Добавить в цитаты Настройки чтения

Страница 5 из 25



— Родственники или напитывают ваши органы энергией, или вампирами опустошают их, — докладывал эксклюзивный разработчик.

«Вот почему после каждого визита тещи я как тряпка, — думал косоглазый мужчина, безрезультатно пытаясь оторвать от бедер девицы разгулявшийся в эротизме глаз. — Она откачает меня до капли…»

«Мало того, что зять норовит выдоить меня до копейки, он еще и энергию сосет!» — возмущалась вертлявая дамочка-оруженосец.

— Ваше здоровье напрямую зависит от атмосферы в энергетической системе семьи. Если налицо согласие: невестка не бьется косой о камень со свекровью, зять мирно сосуществует с тещей, сват не точит топор на сватью, золовки не грызут друг друга, значит ваша семья, как полифоничный орган, слаженно дышит музыкой здоровья. В этом случае любое лечение будет десятикратно эффективнее. А если имеют место непрекращающиеся скандалы, разборки, наезды — вся семья на таблетки работает, а толку от них нуль с хвостиком…

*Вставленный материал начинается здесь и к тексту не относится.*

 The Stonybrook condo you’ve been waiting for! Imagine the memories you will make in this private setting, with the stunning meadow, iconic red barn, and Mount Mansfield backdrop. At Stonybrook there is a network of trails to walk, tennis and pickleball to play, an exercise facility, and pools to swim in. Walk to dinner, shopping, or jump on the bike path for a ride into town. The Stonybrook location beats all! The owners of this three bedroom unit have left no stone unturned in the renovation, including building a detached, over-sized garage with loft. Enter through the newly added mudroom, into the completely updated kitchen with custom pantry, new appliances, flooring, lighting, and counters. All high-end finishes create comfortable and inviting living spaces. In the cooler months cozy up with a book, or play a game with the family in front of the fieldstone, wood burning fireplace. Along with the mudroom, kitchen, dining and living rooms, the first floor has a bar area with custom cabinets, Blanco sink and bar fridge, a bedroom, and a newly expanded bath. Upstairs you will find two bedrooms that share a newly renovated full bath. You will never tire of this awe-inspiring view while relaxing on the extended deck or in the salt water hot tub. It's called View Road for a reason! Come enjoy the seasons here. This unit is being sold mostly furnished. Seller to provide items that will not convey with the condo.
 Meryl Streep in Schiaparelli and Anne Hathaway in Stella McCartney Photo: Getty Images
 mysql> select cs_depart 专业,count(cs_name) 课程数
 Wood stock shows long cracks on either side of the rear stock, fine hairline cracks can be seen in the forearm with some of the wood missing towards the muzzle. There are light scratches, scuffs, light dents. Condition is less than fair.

В отличии от гуру, эксклюзивному теоретику с его семейно-болезненной теорией ериховцы внимали во все уши, сопоставляя многочисленные болячки с многочисленными родственниками. Причинно-следственные связи были налицо: скажем, появилась причина под боком — с утра до вечера она на тебя гавкает, отсюда обязательно следствие не заставит себя долго ждать в том же боку, как заноет на долгие годы.

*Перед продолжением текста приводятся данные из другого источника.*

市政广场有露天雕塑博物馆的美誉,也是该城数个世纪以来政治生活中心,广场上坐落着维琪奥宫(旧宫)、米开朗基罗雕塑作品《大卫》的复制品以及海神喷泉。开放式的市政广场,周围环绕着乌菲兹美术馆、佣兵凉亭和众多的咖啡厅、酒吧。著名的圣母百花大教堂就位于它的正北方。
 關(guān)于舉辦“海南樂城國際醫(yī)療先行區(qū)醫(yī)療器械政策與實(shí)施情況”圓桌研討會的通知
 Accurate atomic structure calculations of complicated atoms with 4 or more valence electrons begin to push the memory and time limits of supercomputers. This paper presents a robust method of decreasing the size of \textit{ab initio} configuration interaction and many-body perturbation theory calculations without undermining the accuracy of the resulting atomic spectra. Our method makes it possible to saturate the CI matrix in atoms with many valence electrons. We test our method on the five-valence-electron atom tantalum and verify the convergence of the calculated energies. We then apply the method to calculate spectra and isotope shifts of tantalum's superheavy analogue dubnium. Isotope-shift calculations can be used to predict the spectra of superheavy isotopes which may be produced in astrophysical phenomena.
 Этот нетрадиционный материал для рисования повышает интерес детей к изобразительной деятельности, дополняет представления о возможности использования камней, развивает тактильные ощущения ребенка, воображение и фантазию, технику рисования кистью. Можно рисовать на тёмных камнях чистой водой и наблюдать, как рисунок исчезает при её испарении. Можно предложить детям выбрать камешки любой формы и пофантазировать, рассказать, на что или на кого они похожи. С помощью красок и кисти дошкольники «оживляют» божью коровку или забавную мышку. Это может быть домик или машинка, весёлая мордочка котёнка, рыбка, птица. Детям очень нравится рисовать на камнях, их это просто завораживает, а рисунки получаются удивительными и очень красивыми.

«Я стала горлом маяться, — думала вертлявая дамочка, — когда с зятем ругачки пошли».

«Теща змея, — злился мужчина, левый глаз которого насмерть закосел на одной из девиц, норовя ее раздеть, — оттого у меня желчекаменная болезнь. И пока она жива — выводи камни не выводи…»

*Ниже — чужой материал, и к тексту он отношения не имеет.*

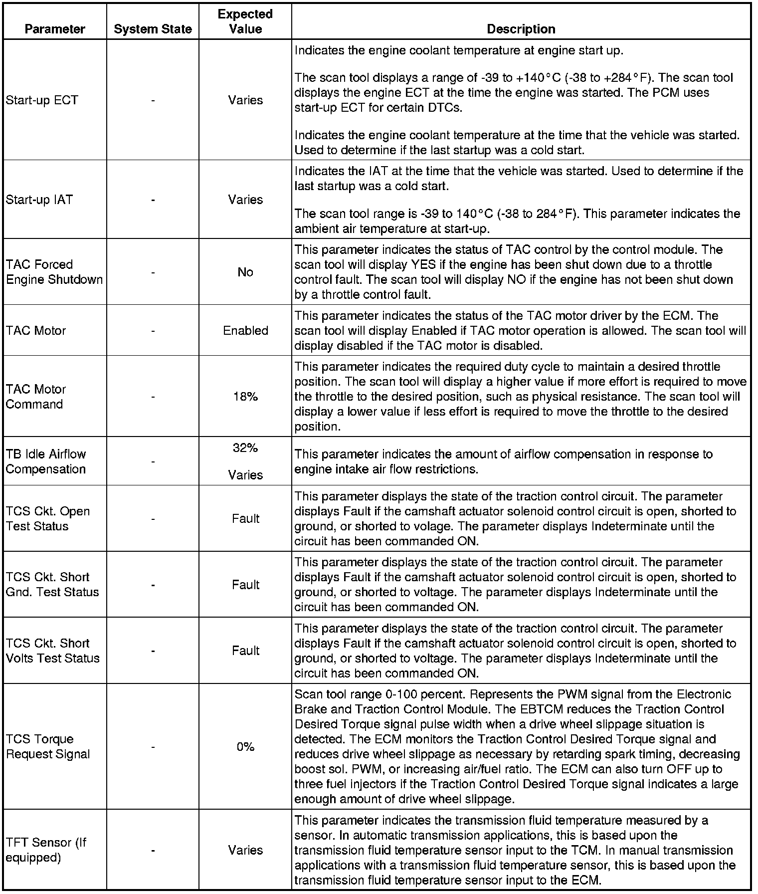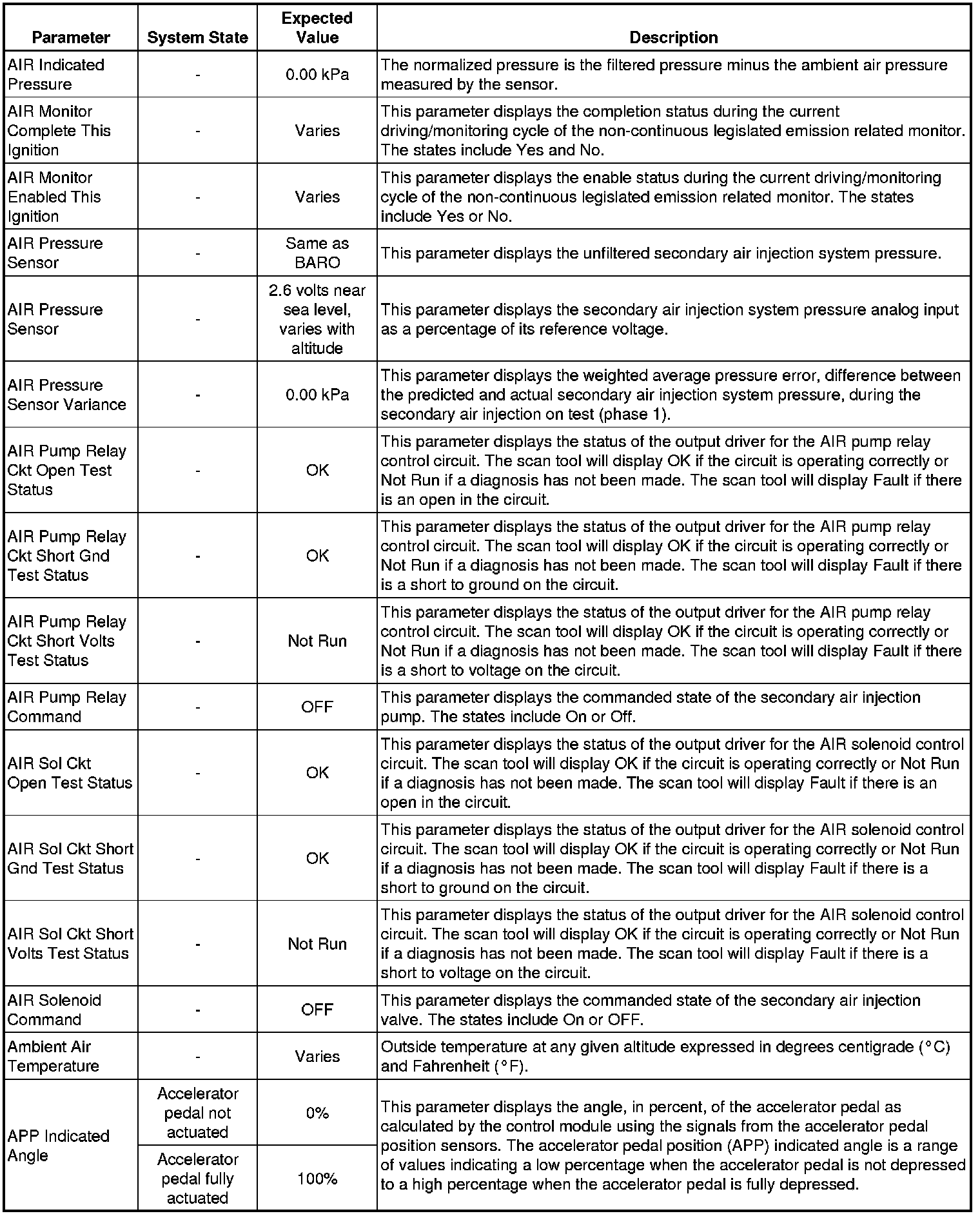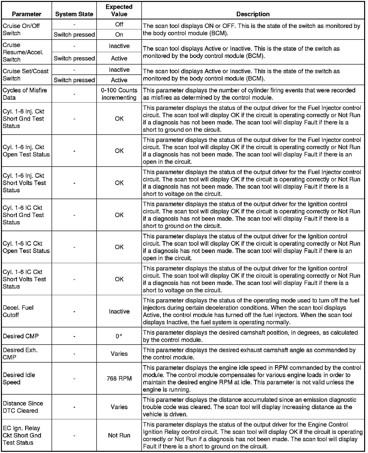 The Engine Control Module Scan Tool Data List contains all engine-related parameters that are available on the scan tool. The list is arranged in alphabetical order. A given parameter may appear in any one of the data lists, and in some cases may appear more than once, or in more than one data list in order to group certain related parameters together.

Только гуру ничего не сопоставлял, он нервно жевал нижнюю губу.

Паства заглотила чужую наживку.

— Достаточно! — вскочил гуру. — Хватит нести ересь. Вы шарлатанствуете, смешивая бульдога с носорогом. Это что, если у меня геморрой, надо идти с какой-нибудь золовкой мириться?!

— Да! — подхватила дамочка-оруженосец. — Если у меня, то есть у соседки, миома по женской части — спасение в каком-нибудь девере заключается? Ха-ха-ха!

— У меня желчекаменная болезнь, — желчно засмеялся мужчина с неуправляемым от девиц глазом, — что мне тещу в гроб вгонять?

— Своей отсебятиной, своими псевдонаучными потрохами вы профанируете наше учение! — отрубил рукой кусок воздуха гуру. — До свидания!

— Один мой знакомый, — эксклюзивный теоретик принялся как попало сворачивать плакат с научно расчлененным человеком, — начитавшись вашей ерихобредятины, жену изрубил, в психушке сейчас сидит!

— Он от вашей заднепроходной теории там оказался! — брезгливо скривился гуру.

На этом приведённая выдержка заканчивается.